(Exercise details): May I please have every record restated word for word, with the images left out?

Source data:

>>>>>

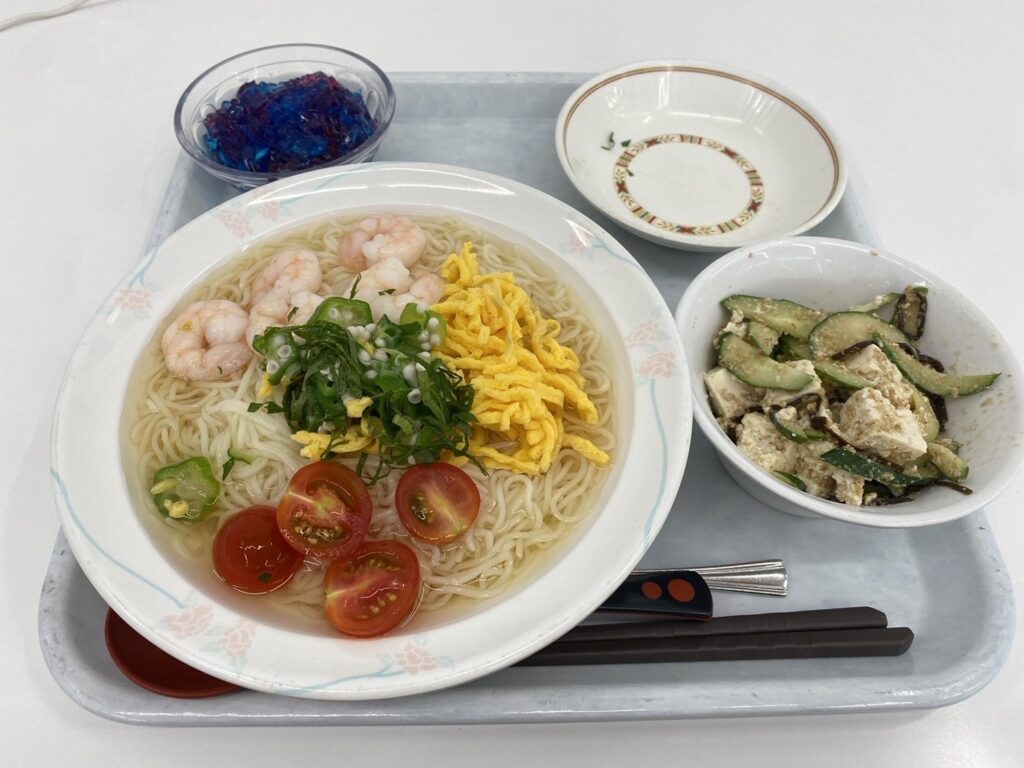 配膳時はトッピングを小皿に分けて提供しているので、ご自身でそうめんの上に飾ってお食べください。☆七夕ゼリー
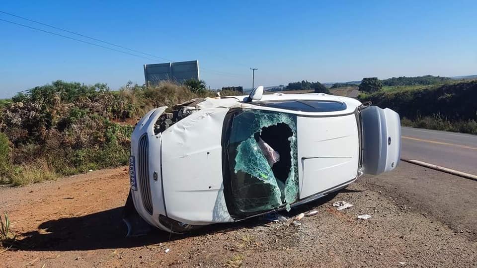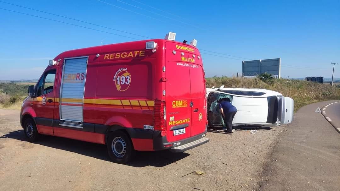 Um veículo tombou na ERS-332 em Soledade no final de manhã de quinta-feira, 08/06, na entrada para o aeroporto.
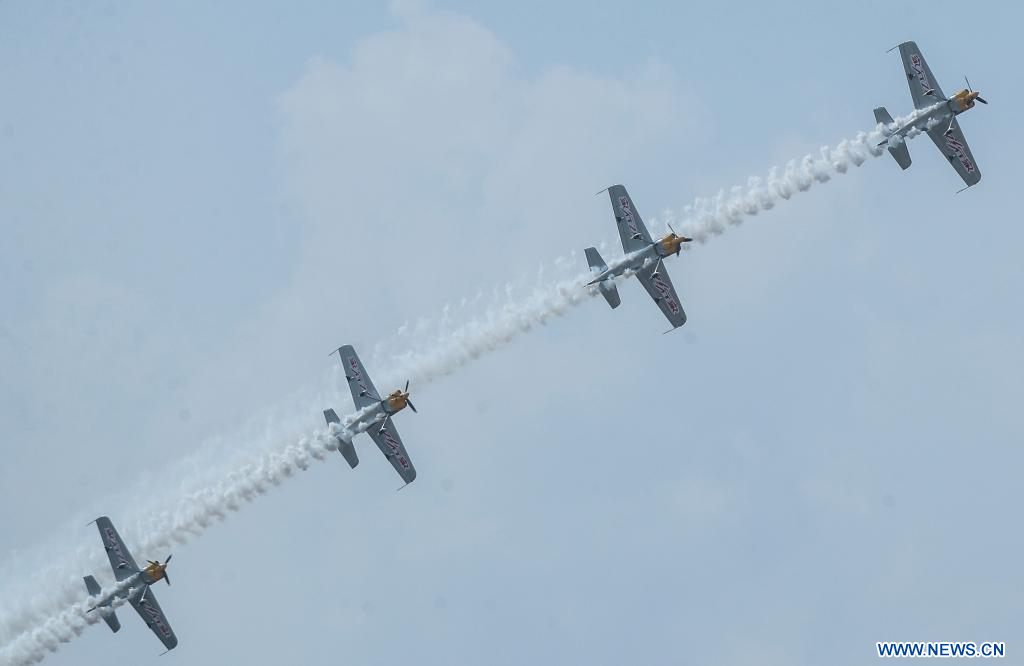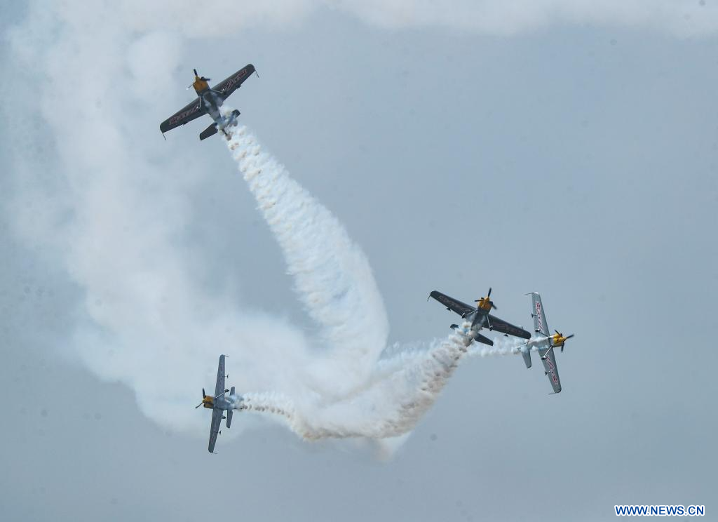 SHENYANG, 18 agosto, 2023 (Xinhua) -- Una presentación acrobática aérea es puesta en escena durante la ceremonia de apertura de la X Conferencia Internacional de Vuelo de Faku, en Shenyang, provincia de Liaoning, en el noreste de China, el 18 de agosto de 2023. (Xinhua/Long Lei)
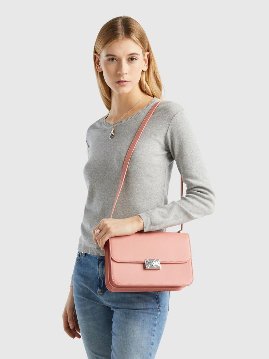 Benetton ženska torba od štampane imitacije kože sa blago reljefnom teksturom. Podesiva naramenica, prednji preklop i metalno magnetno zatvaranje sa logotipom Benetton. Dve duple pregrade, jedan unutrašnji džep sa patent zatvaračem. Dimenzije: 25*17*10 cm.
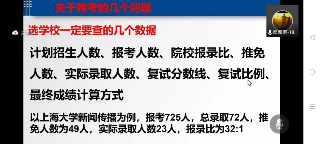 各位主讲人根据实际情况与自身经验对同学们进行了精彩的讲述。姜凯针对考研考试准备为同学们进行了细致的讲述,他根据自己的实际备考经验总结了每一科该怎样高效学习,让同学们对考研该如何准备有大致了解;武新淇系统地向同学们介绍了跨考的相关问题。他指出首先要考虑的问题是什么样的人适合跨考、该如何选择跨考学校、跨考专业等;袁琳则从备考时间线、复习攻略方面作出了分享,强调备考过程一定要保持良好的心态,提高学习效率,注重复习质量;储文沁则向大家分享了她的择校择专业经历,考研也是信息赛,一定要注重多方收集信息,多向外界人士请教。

<<<<<

(Output for this exercise):
 配膳時はトッピングを小皿に分けて提供しているので、ご自身でそうめんの上に飾ってお食べください。☆七夕ゼリー
 Um veículo tombou na ERS-332 em Soledade no final de manhã de quinta-feira, 08/06, na entrada para o aeroporto.
 SHENYANG, 18 agosto, 2023 (Xinhua) -- Una presentación acrobática aérea es puesta en escena durante la ceremonia de apertura de la X Conferencia Internacional de Vuelo de Faku, en Shenyang, provincia de Liaoning, en el noreste de China, el 18 de agosto de 2023. (Xinhua/Long Lei)
 Benetton ženska torba od štampane imitacije kože sa blago reljefnom teksturom. Podesiva naramenica, prednji preklop i metalno magnetno zatvaranje sa logotipom Benetton. Dve duple pregrade, jedan unutrašnji džep sa patent zatvaračem. Dimenzije: 25*17*10 cm.
 各位主讲人根据实际情况与自身经验对同学们进行了精彩的讲述。姜凯针对考研考试准备为同学们进行了细致的讲述,他根据自己的实际备考经验总结了每一科该怎样高效学习,让同学们对考研该如何准备有大致了解;武新淇系统地向同学们介绍了跨考的相关问题。他指出首先要考虑的问题是什么样的人适合跨考、该如何选择跨考学校、跨考专业等;袁琳则从备考时间线、复习攻略方面作出了分享,强调备考过程一定要保持良好的心态,提高学习效率,注重复习质量;储文沁则向大家分享了她的择校择专业经历,考研也是信息赛,一定要注重多方收集信息,多向外界人士请教。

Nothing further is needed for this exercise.